Information>
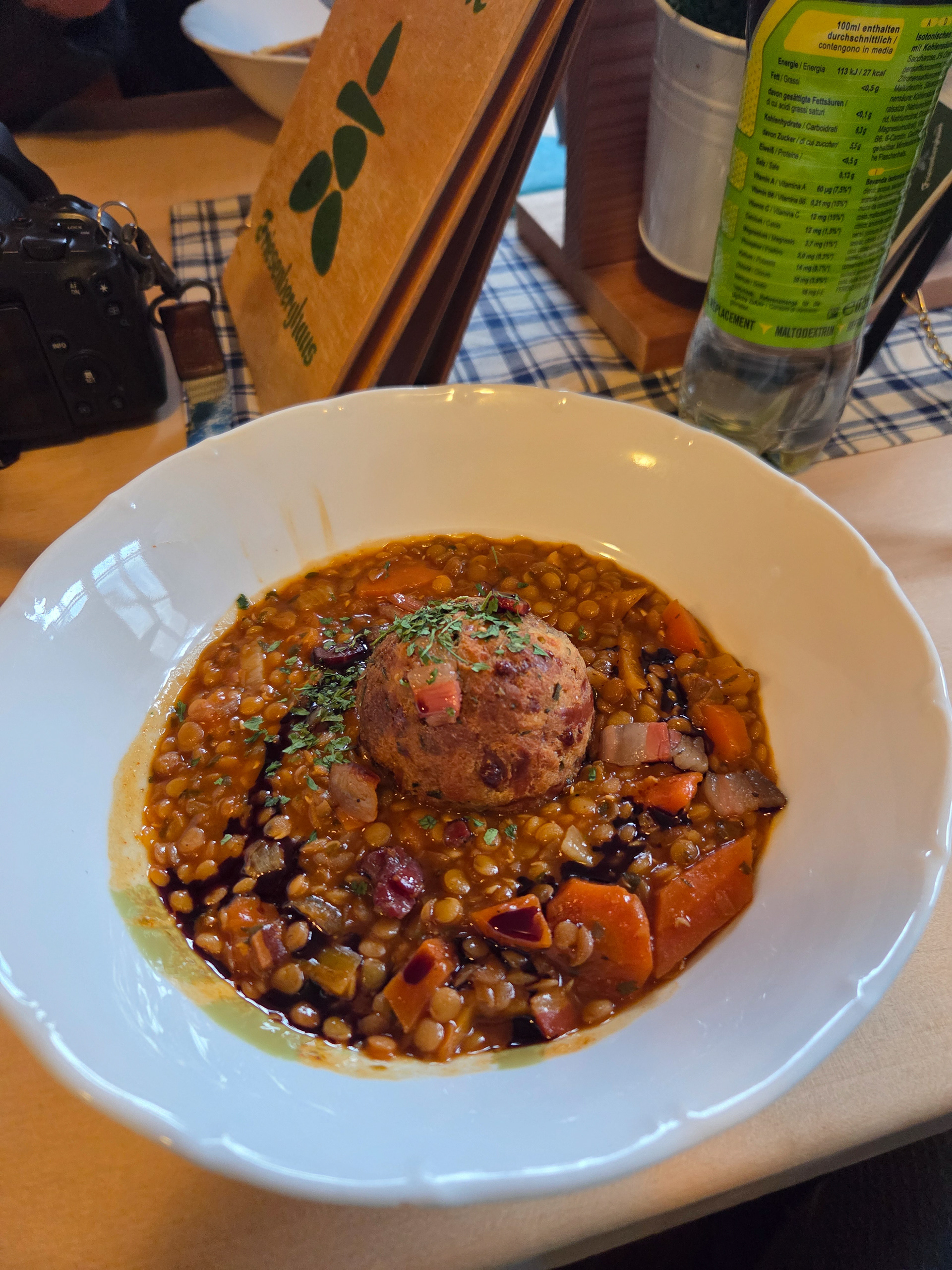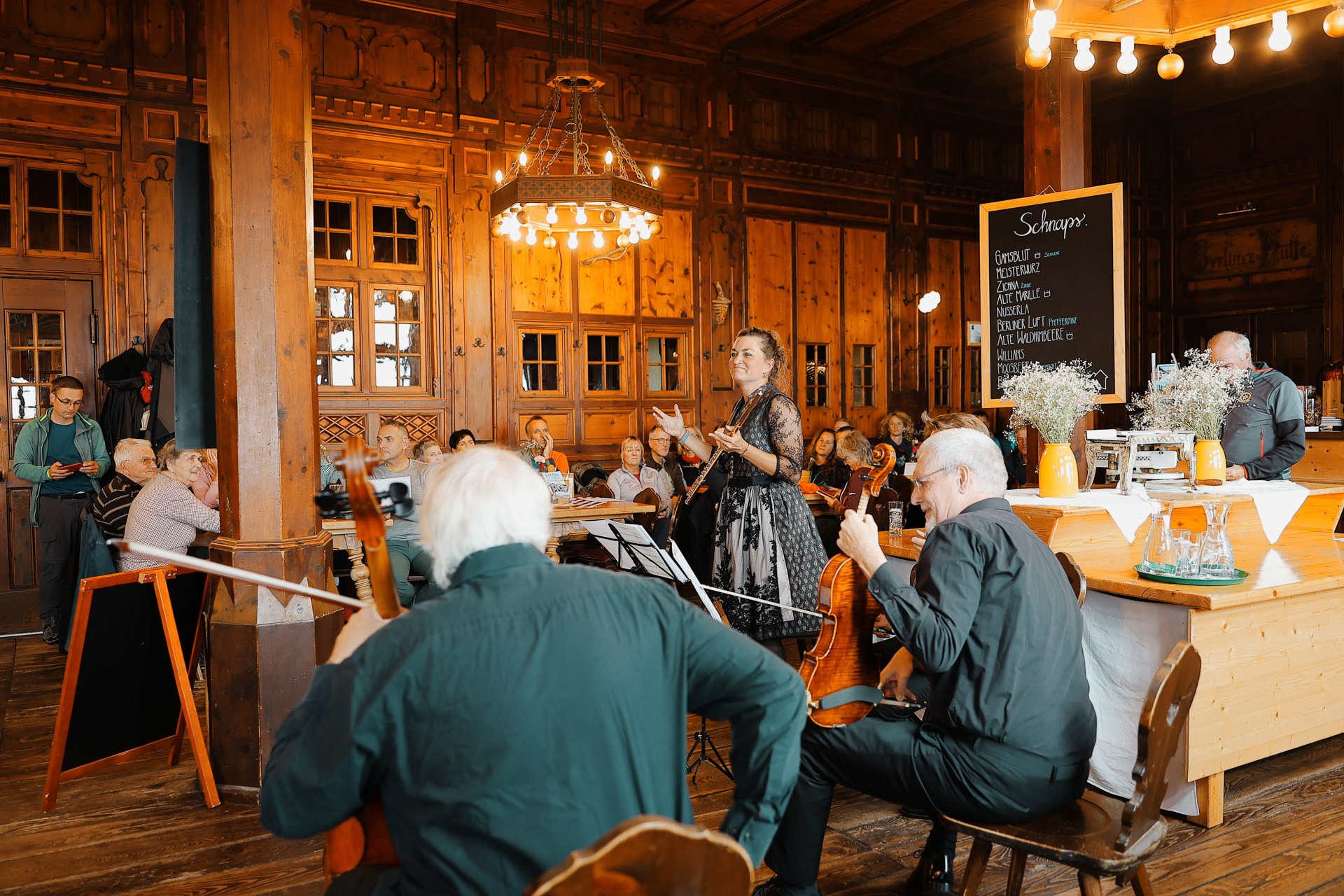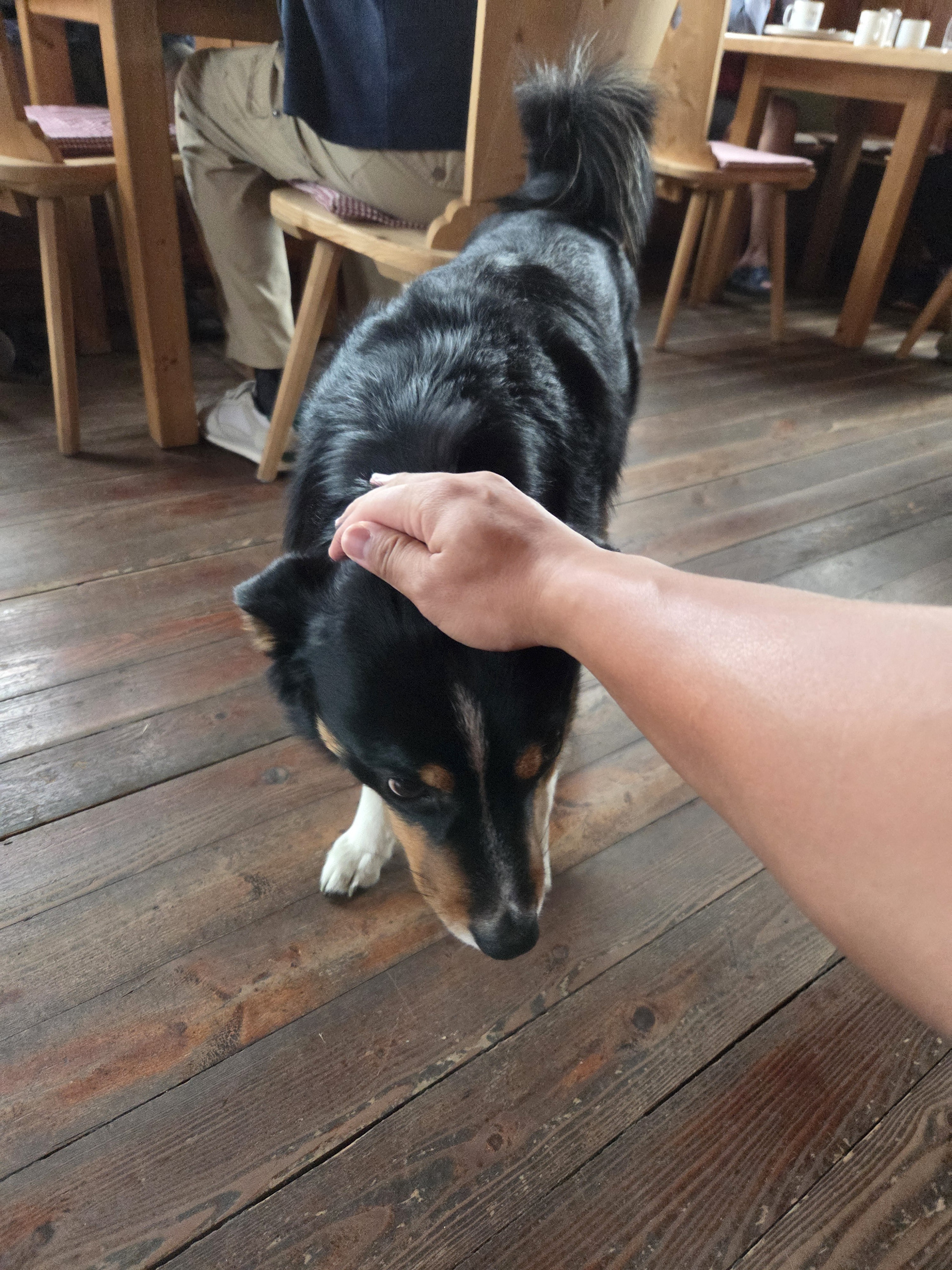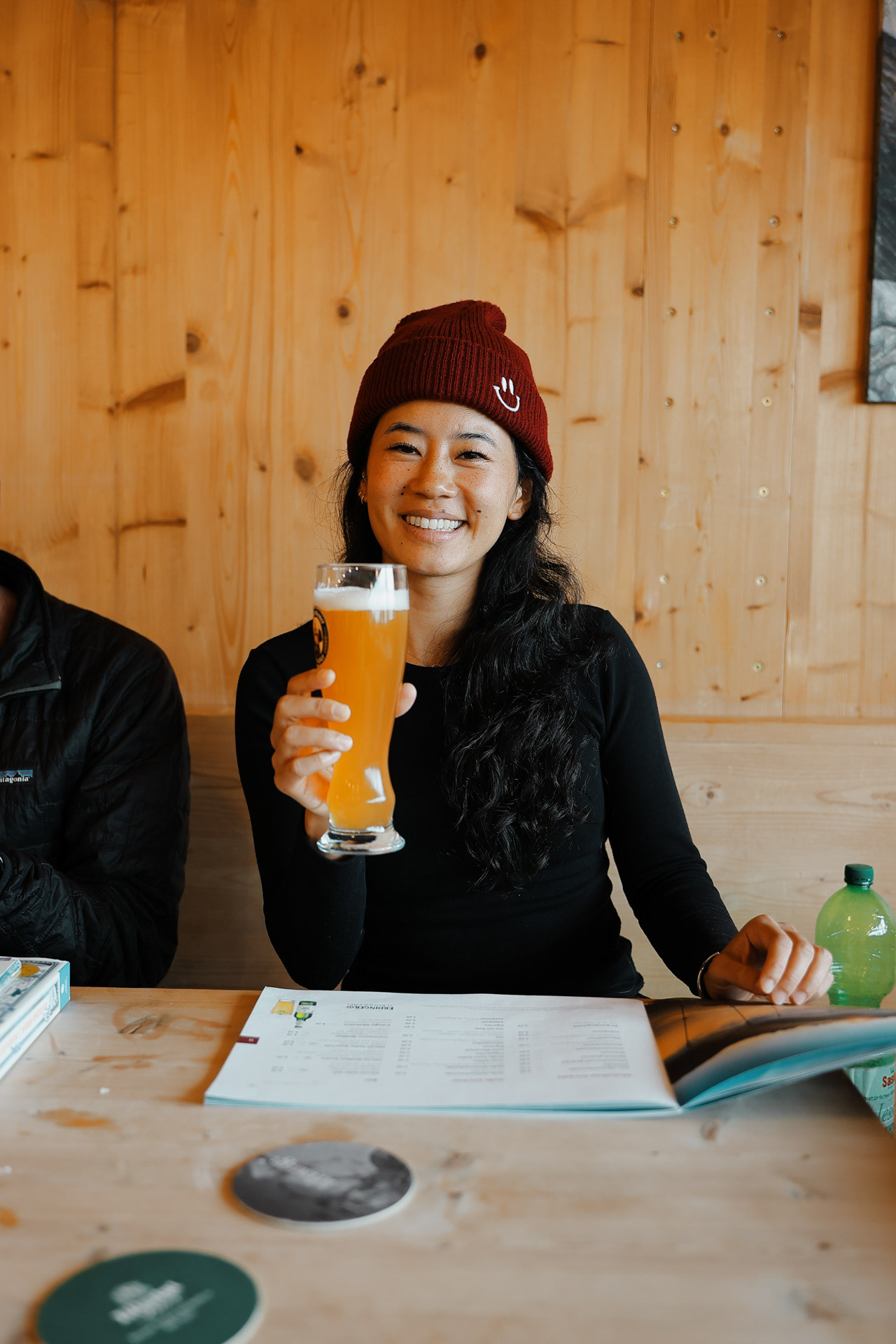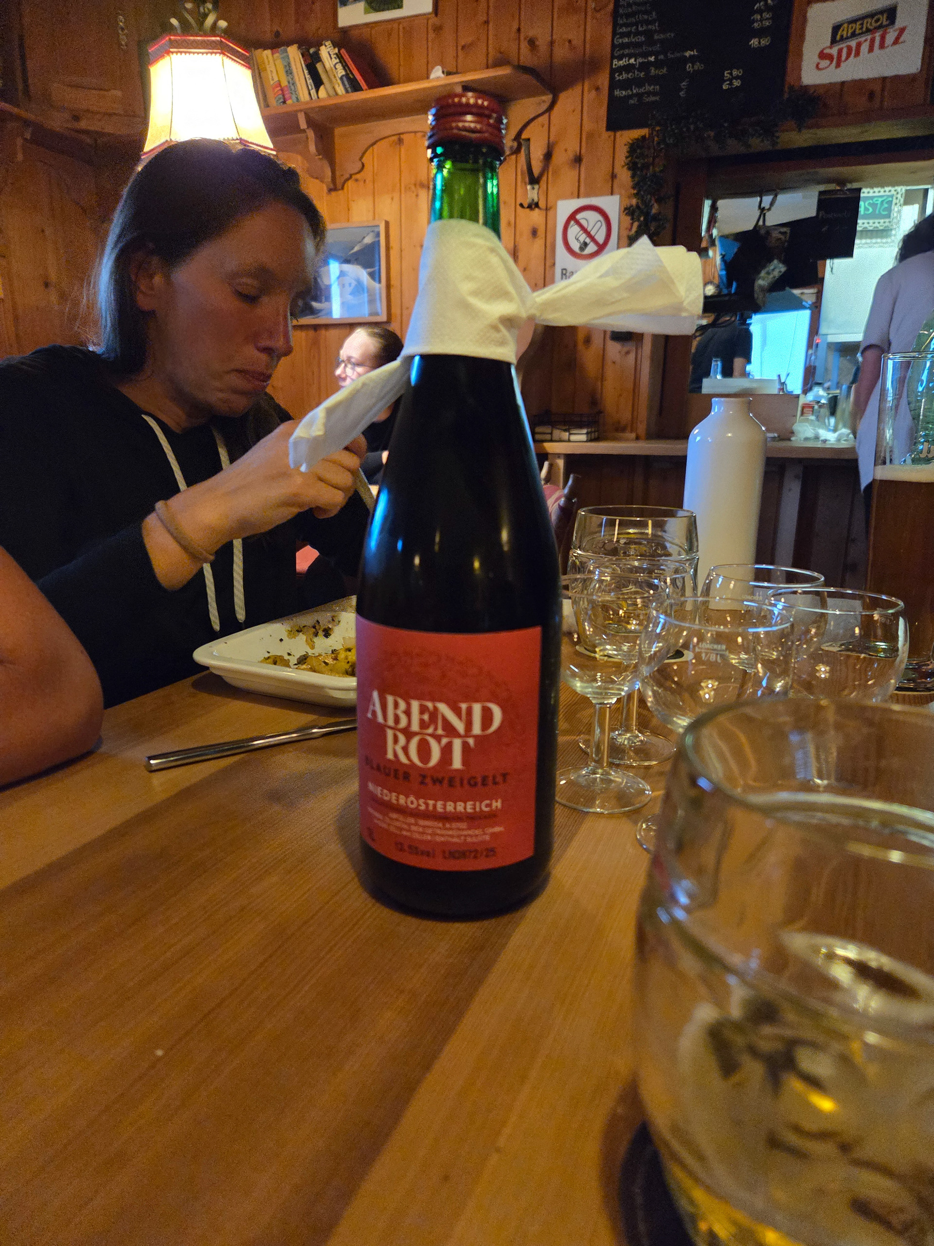 Friesenberghaus has some outdoor seating. When we arrived, it was still sunny and people were hanging outside. By the time, we wanted to hang out on the deck, it had started drizzling and the tables emptied.
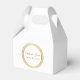 Boîte de faveur de la fête affichée en blanc avec le cercle éternel or sur l'avant avec les noms des jeunes mariés à l'intérieur du cercle. image sur l'avant seulement. Customisez cet objet ou achetez tel que conçu.
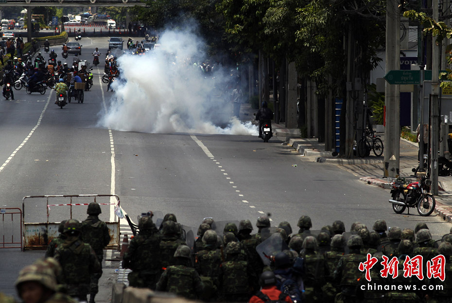 泰國政府軍和反政府示威者5月14日深夜在曼谷爆發嚴重暴力沖突。曼谷緊急醫療機構15日稱,截止當地時間早晨6時,沖突已導致16人死亡,至少141受傷,傷者中包括3名外國人。圖片來源:中國新聞網
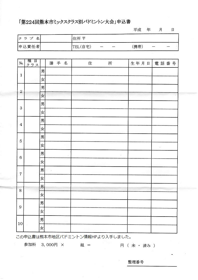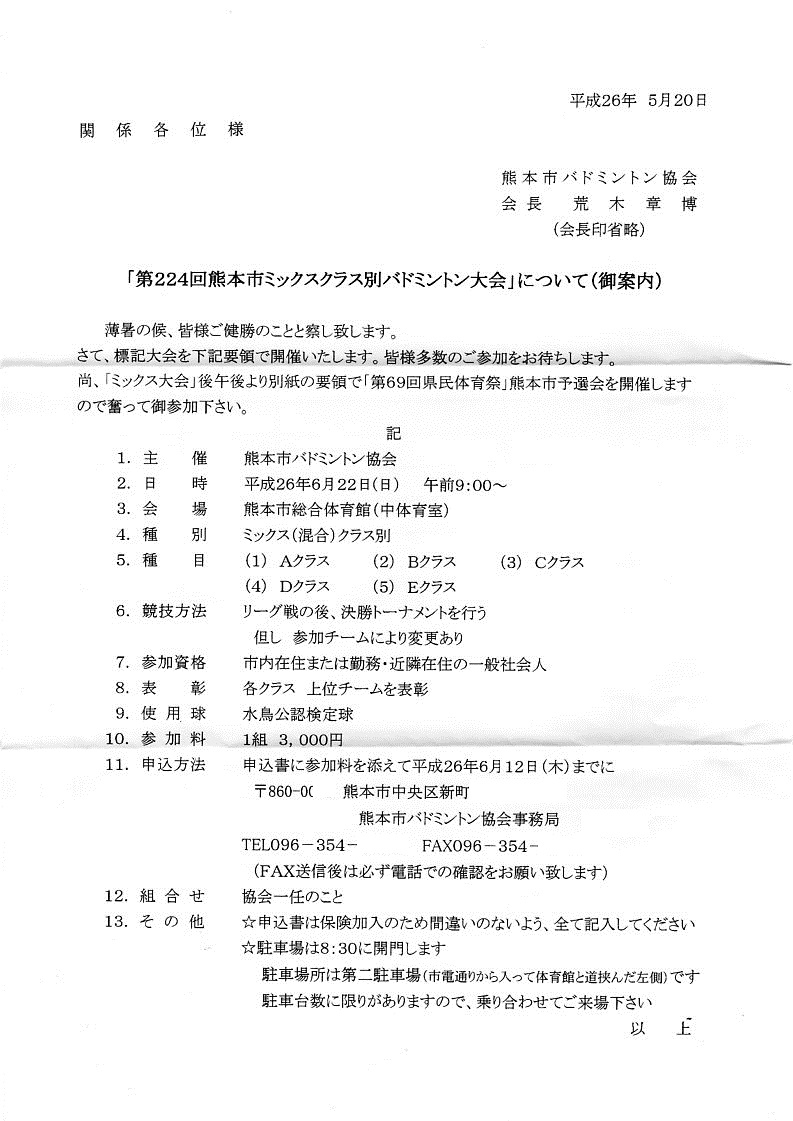 日時:平成26年6月22日(日) 9:00~会場:熊本市総合体育館 中体育室種別:ミックスダブルス個人戦(A,B,C,D,E)種目:クラス別競技方法:リーグ戦参加資格:市内又は市内周辺在住・勤務の方参加料:1チーム3000円 締め切り:平成26年6月12日(木)必着申込先:本HPトップページの問い合わせボタンより本HP管理人宛に問い合わせ下さい。折り返し申込先を連絡致します。
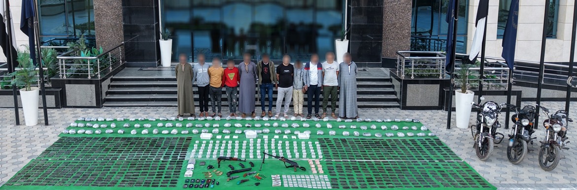 فى إطار مواصلة وزارة الداخلية توجيه الضربات الإستباقية للبؤر الإجرامية جالبى ومتجرى المواد المخدرة والأسلحة النارية غير المرخصة فقد أكدت معلومات وتحريات قطاعى الأمن العام ومكافحة المخدرات والأسلحة والذخائر غير المرخصة بالتنسيق مع أجهزة الوزارة المعنية قيام بؤر إجرامية بنطاق عدد من المحافظات تضم عناصر جنائية شديدة الخطورة بجلب كميات من المواد المخدرة والأسلحة النارية غير المرخصة تمهيداً للإتجار بها وعقب تقنين الإجراءات تم إستهدافهم بمشاركة قطاع الأمن المركزى وقد أسفر التعامل عن مصرع 4 عناصر جنائية شديدة الخطورة ومحكوم عليهم بالسجن والسجن المؤبد وعلى أحدهم بالإعدام فى جنايات " قتل عمد وشروع فى قتل ، إتجار بالمخدرات - سلاح نارى حريق عمد بنطاق محافظتى "الجيزة وقنا" وضبط باقى عناصر تلك البؤر وقد أستُشهد فرد شرطة وأُصيب ضابط خلال المواجهات وعثر بحوزة عناصر البؤر على قرابة 900 كيلو جرام من المواد المخدرة المتنوعة "حشيش ، أيس، بانجو، هيدرو ، هيروين، أفيون" و1000 قرص مخدر و92 قطعة سلاح نارى و76 بندقية آلية و12 فرد خرطوش ، بندقية خرطوش، 3 طبنجات هذا وتقدر القيمة المالية للمواد المخدرة المضبوطة قرابة (91 ) مليون جنيه وتم إتخاذ الإجراءات القانونية.

Activity> Each entry above should be written out again exactly, without its pictures.

Exercise output>
 Friesenberghaus has some outdoor seating. When we arrived, it was still sunny and people were hanging outside. By the time, we wanted to hang out on the deck, it had started drizzling and the tables emptied.
 Boîte de faveur de la fête affichée en blanc avec le cercle éternel or sur l'avant avec les noms des jeunes mariés à l'intérieur du cercle. image sur l'avant seulement. Customisez cet objet ou achetez tel que conçu.
 泰國政府軍和反政府示威者5月14日深夜在曼谷爆發嚴重暴力沖突。曼谷緊急醫療機構15日稱,截止當地時間早晨6時,沖突已導致16人死亡,至少141受傷,傷者中包括3名外國人。圖片來源:中國新聞網
 日時:平成26年6月22日(日) 9:00~会場:熊本市総合体育館 中体育室種別:ミックスダブルス個人戦(A,B,C,D,E)種目:クラス別競技方法:リーグ戦参加資格:市内又は市内周辺在住・勤務の方参加料:1チーム3000円 締め切り:平成26年6月12日(木)必着申込先:本HPトップページの問い合わせボタンより本HP管理人宛に問い合わせ下さい。折り返し申込先を連絡致します。
 فى إطار مواصلة وزارة الداخلية توجيه الضربات الإستباقية للبؤر الإجرامية جالبى ومتجرى المواد المخدرة والأسلحة النارية غير المرخصة فقد أكدت معلومات وتحريات قطاعى الأمن العام ومكافحة المخدرات والأسلحة والذخائر غير المرخصة بالتنسيق مع أجهزة الوزارة المعنية قيام بؤر إجرامية بنطاق عدد من المحافظات تضم عناصر جنائية شديدة الخطورة بجلب كميات من المواد المخدرة والأسلحة النارية غير المرخصة تمهيداً للإتجار بها وعقب تقنين الإجراءات تم إستهدافهم بمشاركة قطاع الأمن المركزى وقد أسفر التعامل عن مصرع 4 عناصر جنائية شديدة الخطورة ومحكوم عليهم بالسجن والسجن المؤبد وعلى أحدهم بالإعدام فى جنايات " قتل عمد وشروع فى قتل ، إتجار بالمخدرات - سلاح نارى حريق عمد بنطاق محافظتى "الجيزة وقنا" وضبط باقى عناصر تلك البؤر وقد أستُشهد فرد شرطة وأُصيب ضابط خلال المواجهات وعثر بحوزة عناصر البؤر على قرابة 900 كيلو جرام من المواد المخدرة المتنوعة "حشيش ، أيس، بانجو، هيدرو ، هيروين، أفيون" و1000 قرص مخدر و92 قطعة سلاح نارى و76 بندقية آلية و12 فرد خرطوش ، بندقية خرطوش، 3 طبنجات هذا وتقدر القيمة المالية للمواد المخدرة المضبوطة قرابة (91 ) مليون جنيه وتم إتخاذ الإجراءات القانونية.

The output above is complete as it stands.